# Simple sauce



## wdbrand (May 24, 2007)

for crab stuffed shrimp. One that you don't have to run to the store and spend 20 bucks on ingredients that won't be used for awhile. Something to compliment the flavor of shrimp and crab or fish. Thanks Chef Tells.


----------



## Brook (May 27, 2009)

That's precisely where simple becomes special.

I'd merely whip up a thick bechamel, adding in a bit of Old Bay or similar seasoning. Mix in the crab, and use that to stuff the shrimp. Sprinkle with breadcrumbs and bake until the shrimp are cooked. 

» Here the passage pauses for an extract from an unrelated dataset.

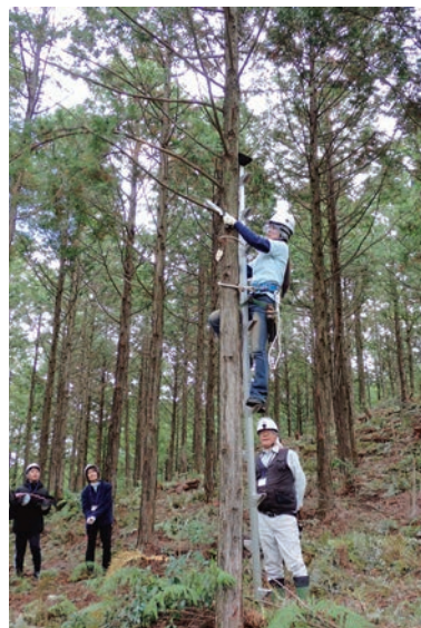
▲社員のヒノキの枝打ち作業の様子

大瀬戸町の「チューリッヒの森」で、保険会社社員や長崎大学の学生ボランティアなど約30人が参加して、ツクシシャクナゲの植林や枝打ちなどを行いました。

Althernatively, mix the crab into a thick mornay. Stuff the shrimp. Sprinkle on a little more parmesan and pop under the broiler until the shrimp are done and the cheese all bubbly and surface-charred.

edited to add: In either case, reserve some of the sauce to pour over the shrimp at service.


----------



## Brook (May 27, 2009)

For a slightly more complex version. Mix up crab as if you were going to make crab cakes. Butterfly the shrimp. Sandwich a dollop of the crab mix between two of the shrimp. Arrange in a lightly buttered baking pan in a single layer, and spoon some barbecue sauce over each sandwich. 

Here's one barbecue sauce that works well with shrimp:

1/4 lb bacon, diced
1 cup red onion, finely diced
1 cup red bell pepper, diced small
1 cup green bell pepper, diced small
3-4 tbls Southern Comfort
1 bottle (14 oz) ketchup
1/2 cup brown sugar
Salt & pepper to taste

Cook the bacon in a medium saucepanuntil almost crisp. Add the onion and bell pepper. Saute until the onion is translucent, 3-4 minutes. Add the Southrn Comfort to the pan and carefully ignite the liquor. When the flames die, stir in the ketchup and brown sugar. Season with salt & pepper. Simmer over low heat for ten minutes.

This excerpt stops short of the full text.